** Opening Data block block **
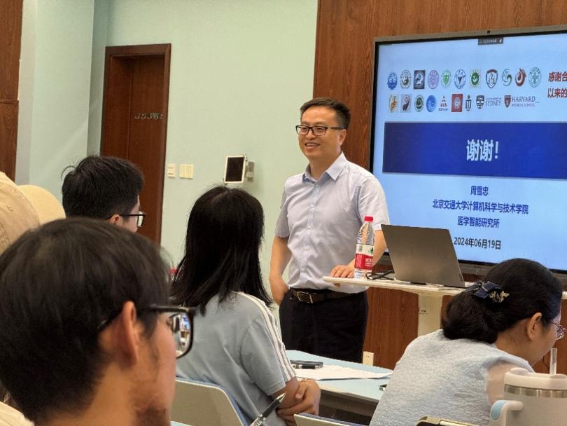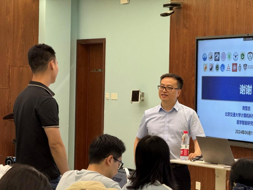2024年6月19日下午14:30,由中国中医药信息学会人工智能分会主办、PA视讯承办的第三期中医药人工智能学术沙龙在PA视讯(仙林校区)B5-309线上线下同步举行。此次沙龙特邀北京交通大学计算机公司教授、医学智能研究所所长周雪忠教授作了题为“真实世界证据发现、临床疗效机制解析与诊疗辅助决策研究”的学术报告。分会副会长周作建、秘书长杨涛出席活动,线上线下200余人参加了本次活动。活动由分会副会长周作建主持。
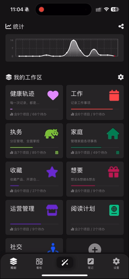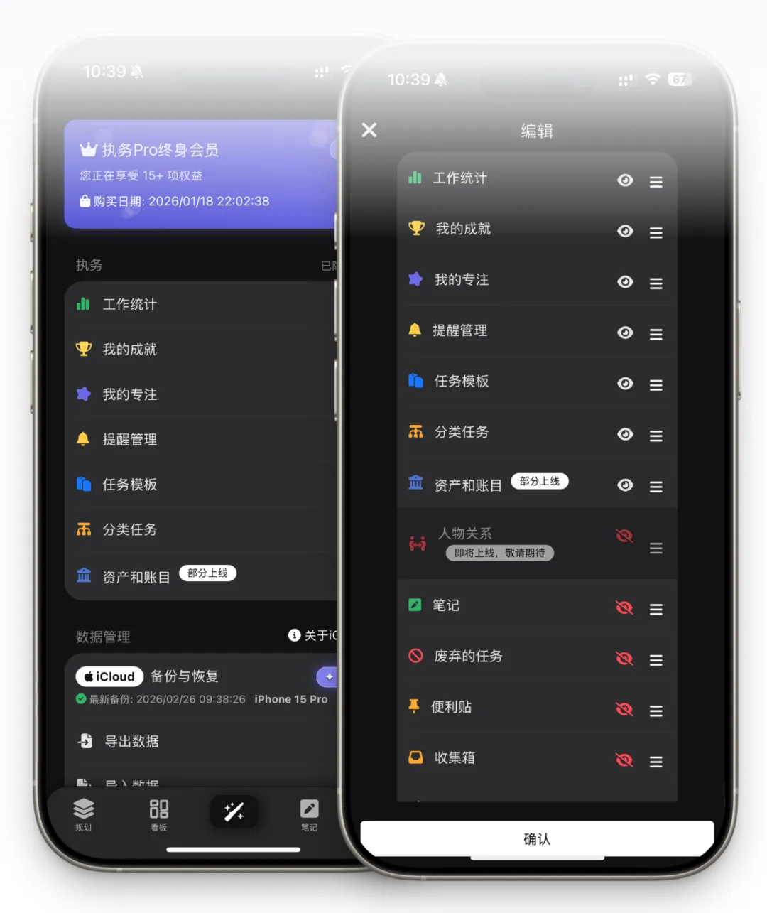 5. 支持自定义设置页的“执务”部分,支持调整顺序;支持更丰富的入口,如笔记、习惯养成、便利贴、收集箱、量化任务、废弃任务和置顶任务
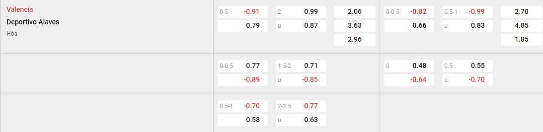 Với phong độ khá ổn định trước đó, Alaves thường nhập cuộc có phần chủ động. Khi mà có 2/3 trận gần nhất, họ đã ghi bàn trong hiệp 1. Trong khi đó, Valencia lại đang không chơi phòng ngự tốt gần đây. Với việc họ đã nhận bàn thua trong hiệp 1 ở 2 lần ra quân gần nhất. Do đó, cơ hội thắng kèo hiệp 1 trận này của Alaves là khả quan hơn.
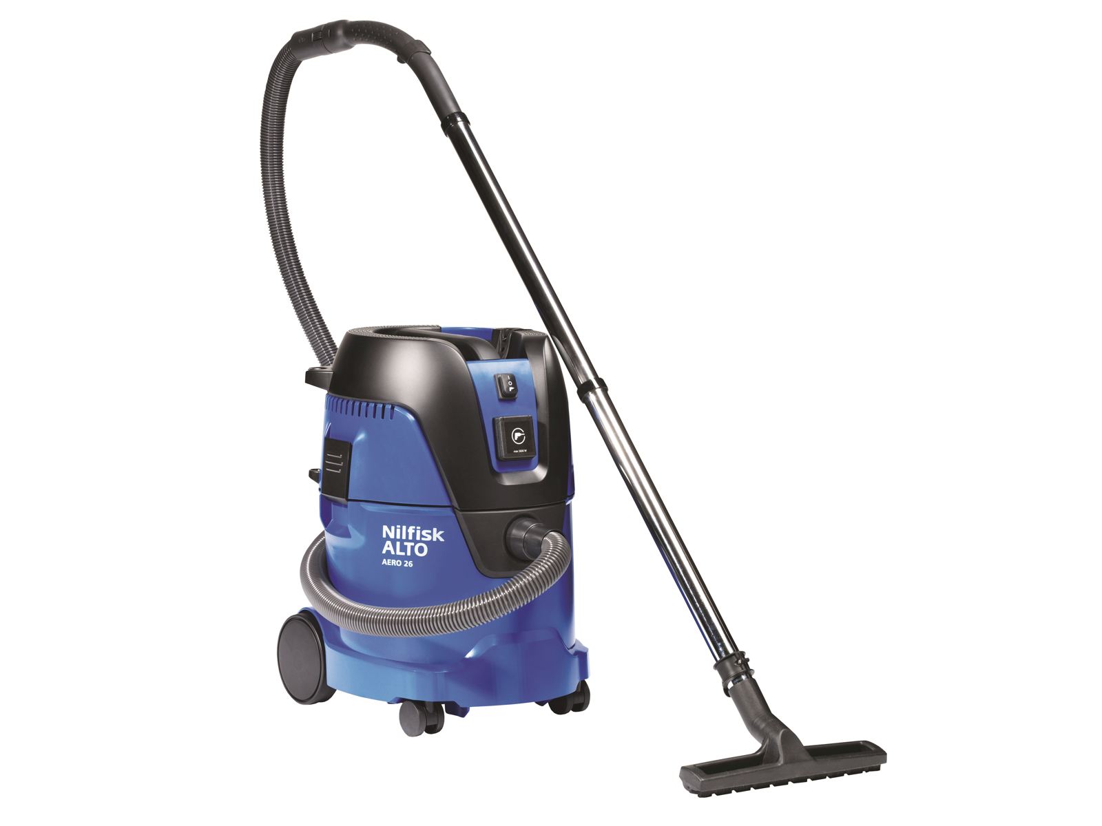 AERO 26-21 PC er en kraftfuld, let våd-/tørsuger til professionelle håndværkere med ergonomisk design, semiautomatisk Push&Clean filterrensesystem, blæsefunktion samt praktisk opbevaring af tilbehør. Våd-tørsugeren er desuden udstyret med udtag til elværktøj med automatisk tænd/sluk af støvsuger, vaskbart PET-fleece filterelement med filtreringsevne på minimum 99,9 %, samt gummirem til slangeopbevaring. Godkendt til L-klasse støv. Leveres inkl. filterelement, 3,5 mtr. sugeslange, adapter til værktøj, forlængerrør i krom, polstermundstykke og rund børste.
** Closing Data block block **
Aim of the task —
Every line of the data above is to be set down word for word, with the pictures left out.

Finished exercise —
2024年6月19日下午14:30,由中国中医药信息学会人工智能分会主办、PA视讯承办的第三期中医药人工智能学术沙龙在PA视讯(仙林校区)B5-309线上线下同步举行。此次沙龙特邀北京交通大学计算机公司教授、医学智能研究所所长周雪忠教授作了题为“真实世界证据发现、临床疗效机制解析与诊疗辅助决策研究”的学术报告。分会副会长周作建、秘书长杨涛出席活动,线上线下200余人参加了本次活动。活动由分会副会长周作建主持。
 5. 支持自定义设置页的“执务”部分,支持调整顺序;支持更丰富的入口,如笔记、习惯养成、便利贴、收集箱、量化任务、废弃任务和置顶任务
 Với phong độ khá ổn định trước đó, Alaves thường nhập cuộc có phần chủ động. Khi mà có 2/3 trận gần nhất, họ đã ghi bàn trong hiệp 1. Trong khi đó, Valencia lại đang không chơi phòng ngự tốt gần đây. Với việc họ đã nhận bàn thua trong hiệp 1 ở 2 lần ra quân gần nhất. Do đó, cơ hội thắng kèo hiệp 1 trận này của Alaves là khả quan hơn.
 AERO 26-21 PC er en kraftfuld, let våd-/tørsuger til professionelle håndværkere med ergonomisk design, semiautomatisk Push&Clean filterrensesystem, blæsefunktion samt praktisk opbevaring af tilbehør. Våd-tørsugeren er desuden udstyret med udtag til elværktøj med automatisk tænd/sluk af støvsuger, vaskbart PET-fleece filterelement med filtreringsevne på minimum 99,9 %, samt gummirem til slangeopbevaring. Godkendt til L-klasse støv. Leveres inkl. filterelement, 3,5 mtr. sugeslange, adapter til værktøj, forlængerrør i krom, polstermundstykke og rund børste.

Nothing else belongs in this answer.